Athens Orthopedic Clinic PA $1.5 Million Fine
Athens Orthopedic Clinic PA was fined $1.5 million for widespread Privacy Rule and Security Rule noncompliance. The OCR conducted an investigation into the healthcare organization after a database of 208,557 patients’ protected health information was found for sale online. OCR’s investigation found that Athens Orthopedic failed to conduct a risk analysis; implement risk management and audit controls; maintain policies and procedures; have signed business associate agreements with several business associates; and provide HIPAA training to their workforce.
“Hacking is the number one source of large health care data breaches. Health care providers that fail to follow the HIPAA Security Rule make their patients’ health data a tempting target for hackers,” stated OCR Director Roger Severino.
Click here to read the OCR press release.
Premera Blue Cross $6.8 Million Fine
Premera Blue Cross was fined $6.8 million for violating the HIPAA Privacy and Security Rules. Premera filed a breach report with OCR after discovering that they had been the victim of an ongoing cyberattack. It took Premera nine months to discover the cyberattack, and 10.4 million patients’ protected health information was exposed in the incident. After conducting an investigation into the incident, OCR found that Premera failed to conduct an enterprise-wide risk analysis; implement risk management; and audit controls.
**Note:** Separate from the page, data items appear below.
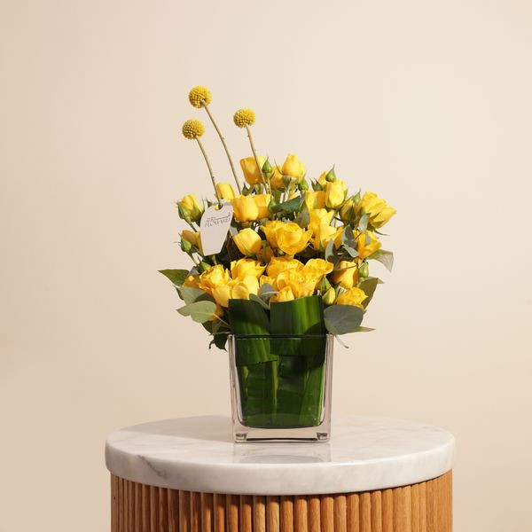 انشر السعادة والإيحابية مع تنسيق زهور "الشمس المشرقة" التي تتميز بورود البيبي جوري المبهجة باللون الأصفر ، والكراسبيديا الغريبة أيضًا باللون الأصفر النابض بالحياة، ولمسة الأوكالبتوس العطرية. تم ترتيب هذه المجموعة بعناية في مزهرية مربعة معاصرة، وهي تشع بالدفء والبهجة. يضيف عطر بيبي جوري لمسة من الحلاوة، يكملها الكراسبيديا المرحة والأوكالبتوس المنعش. مثالي لإضفاء البهجة على أي غرفة أو إرسال رسالة سعادة، هذا الترتيب المنسق بعناية يجسد جمال الطبيعة. احصل على دفقة من أشعة الشمس في الداخل مع هذه الشاشة الساحرة التي تجسد جوهر الفرح والإيجابية.
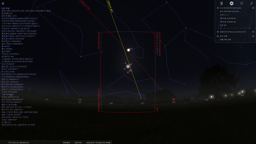 한달 동안 금성의 고도가 높아져서 행성의 위치가 바뀌어 있겠네요.
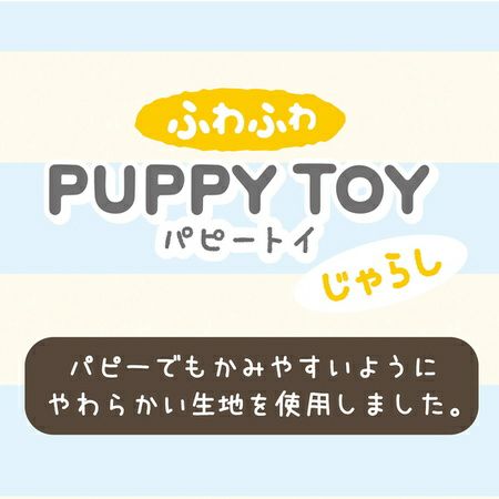 ●力を加えるとはずれる構造●シャカシャカフィルム入●パピーでもかみやすいようにやわらかい生地を使用しました。
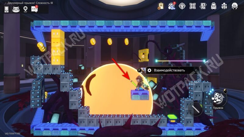 Оказавшись на тайном уровне, соберите сундук и двигайтесь влево. Используйте линии гравитации для перемещения между полом и потолком и избегайте шипов. Нажмите на рычаг и откройте проход.
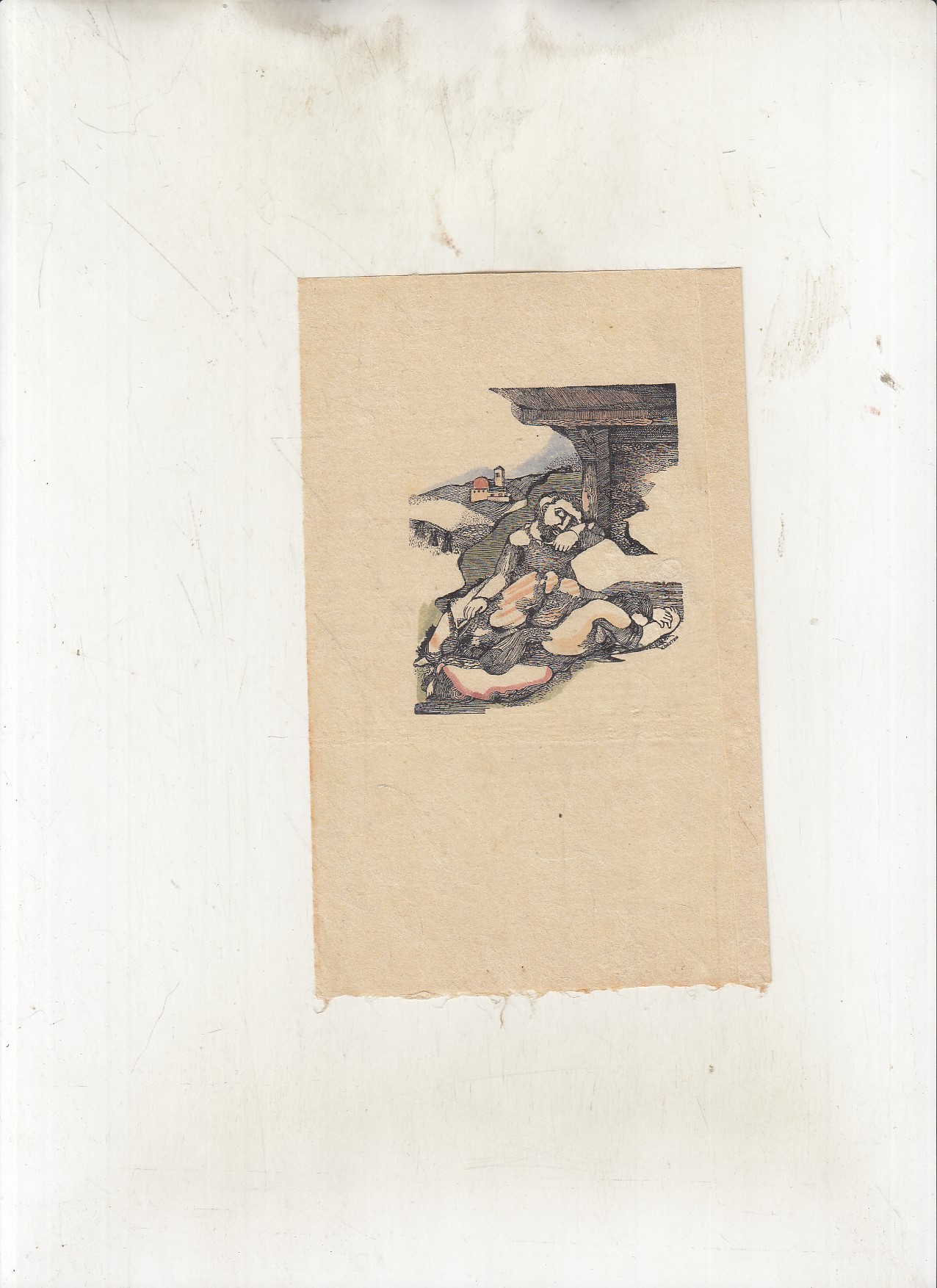 na o. obtisk knihy, která ležela na této; kolorovaná kresba O. Cootler

“If large health insurance entities don’t invest the time and effort to identify their security vulnerabilities, be they technical or human, hackers surely will. This case vividly demonstrates the damage that results when hackers are allowed to roam undetected in a computer system for nearly nine months,” said Roger Severino, OCR Director.
September OCR Fines: HIPAA Security Rule Violations
One of the September OCR fines was issued for widespread HIPAA Security Rule violations. The details of why they were fined are discussed below.
CHSPSC, LLC Fined $2.3 Million Fine
CHSPSC, LLC was fined $2.3 million for violating the HIPAA Security Rule. The healthcare provider was the victim of a hack lasting for four months, even though the FBI alerted CHSPSC of the attack just eight days after it began. As a result 6.1 million patients were exposed by the hack, and a class action lawsuit was filed against CHSPSC; they settled for $3.1 million. In addition, upon investigation by OCR, it was found that CHSPSC failed to conduct a risk analysis; implement information system activity review and security incident procedures; and implement access controls.
“The health care industry is a known target for hackers and cyberthieves. The failure to implement the security protections required by the HIPAA Rules, especially after being notified by the FBI of a potential breach, is inexcusable,” said OCR Director Roger Severino.